Given records:
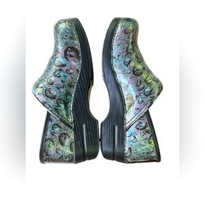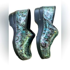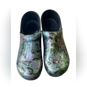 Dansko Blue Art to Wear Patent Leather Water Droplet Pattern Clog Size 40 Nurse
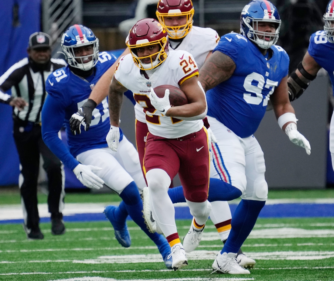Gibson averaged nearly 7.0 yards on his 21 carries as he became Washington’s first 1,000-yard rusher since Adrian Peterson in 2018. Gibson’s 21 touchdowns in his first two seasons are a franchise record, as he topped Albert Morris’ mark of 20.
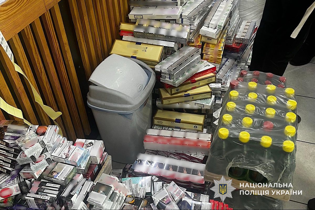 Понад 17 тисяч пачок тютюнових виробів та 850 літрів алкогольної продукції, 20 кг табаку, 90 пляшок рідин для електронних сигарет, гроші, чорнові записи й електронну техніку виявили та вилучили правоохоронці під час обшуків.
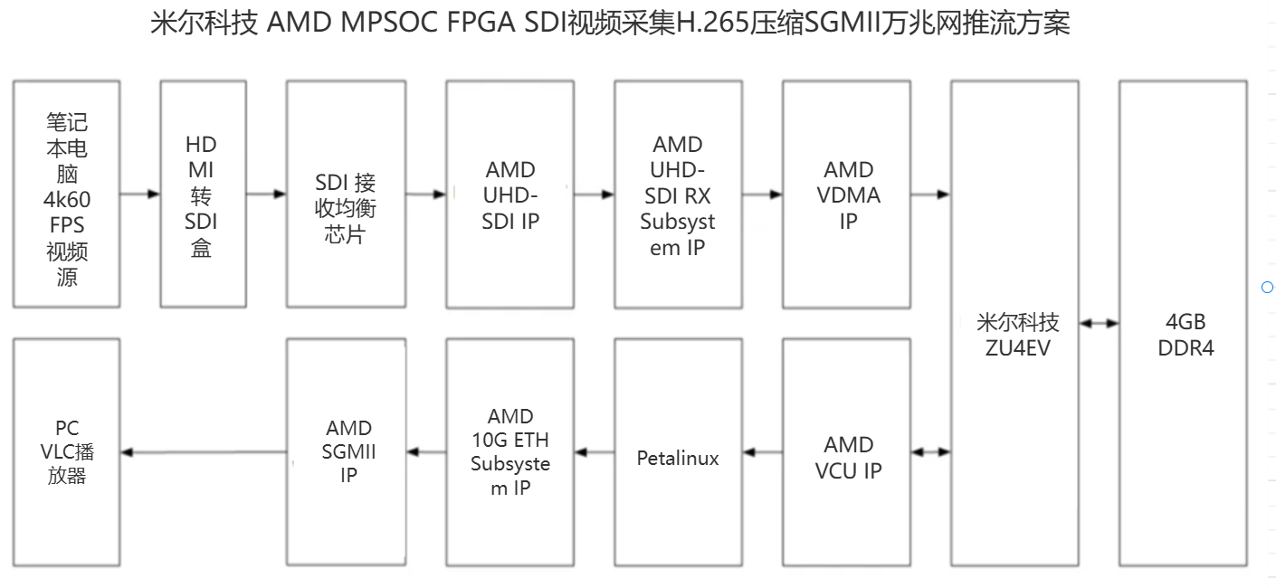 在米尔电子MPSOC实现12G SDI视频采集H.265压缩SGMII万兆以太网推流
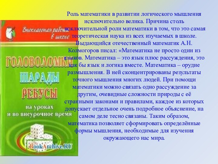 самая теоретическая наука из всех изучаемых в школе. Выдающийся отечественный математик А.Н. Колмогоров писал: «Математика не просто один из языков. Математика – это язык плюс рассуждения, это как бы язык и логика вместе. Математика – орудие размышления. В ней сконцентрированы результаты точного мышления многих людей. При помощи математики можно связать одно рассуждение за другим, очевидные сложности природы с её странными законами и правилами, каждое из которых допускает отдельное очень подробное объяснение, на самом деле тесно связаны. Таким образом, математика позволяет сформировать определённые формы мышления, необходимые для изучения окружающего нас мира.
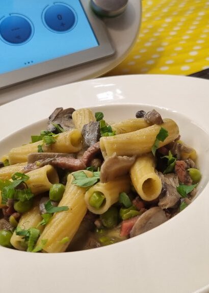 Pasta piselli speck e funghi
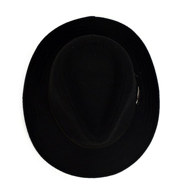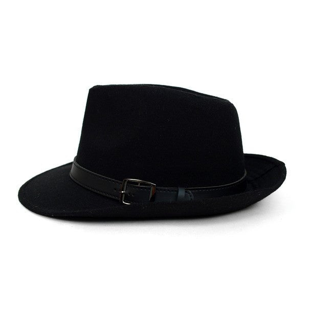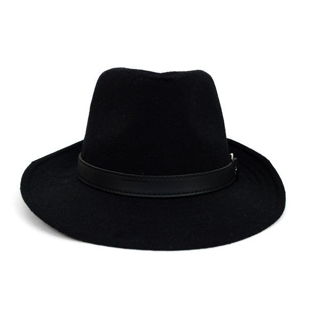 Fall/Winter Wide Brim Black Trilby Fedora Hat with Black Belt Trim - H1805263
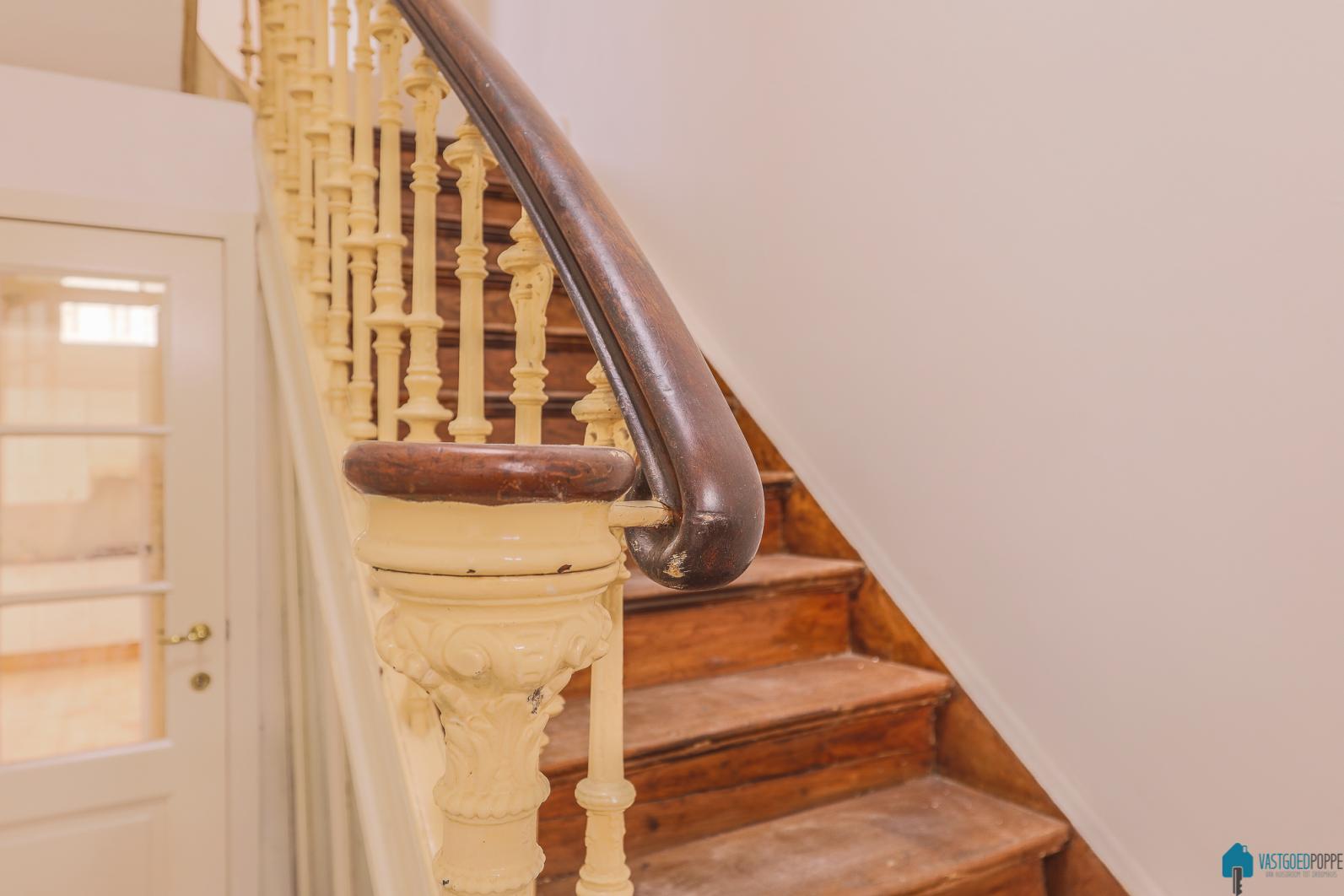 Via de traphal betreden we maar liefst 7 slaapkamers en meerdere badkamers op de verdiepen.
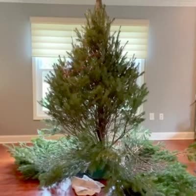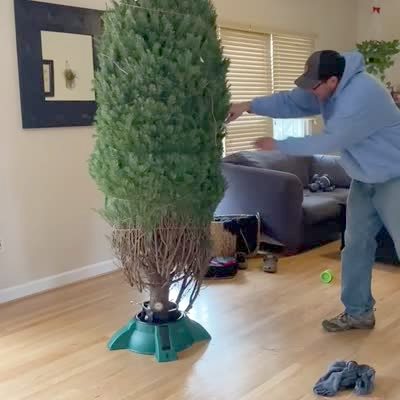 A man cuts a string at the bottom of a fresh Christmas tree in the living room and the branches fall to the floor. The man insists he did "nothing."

What to work on: Quote only the lines that start at the line holding "самая теоретическая наука" and end at the last line of the entries, including both of those lines, and omit every picture.

Answer section:
 самая теоретическая наука из всех изучаемых в школе. Выдающийся отечественный математик А.Н. Колмогоров писал: «Математика не просто один из языков. Математика – это язык плюс рассуждения, это как бы язык и логика вместе. Математика – орудие размышления. В ней сконцентрированы результаты точного мышления многих людей. При помощи математики можно связать одно рассуждение за другим, очевидные сложности природы с её странными законами и правилами, каждое из которых допускает отдельное очень подробное объяснение, на самом деле тесно связаны. Таким образом, математика позволяет сформировать определённые формы мышления, необходимые для изучения окружающего нас мира.
 Pasta piselli speck e funghi
 Fall/Winter Wide Brim Black Trilby Fedora Hat with Black Belt Trim - H1805263
 Via de traphal betreden we maar liefst 7 slaapkamers en meerdere badkamers op de verdiepen.
 A man cuts a string at the bottom of a fresh Christmas tree in the living room and the branches fall to the floor. The man insists he did "nothing."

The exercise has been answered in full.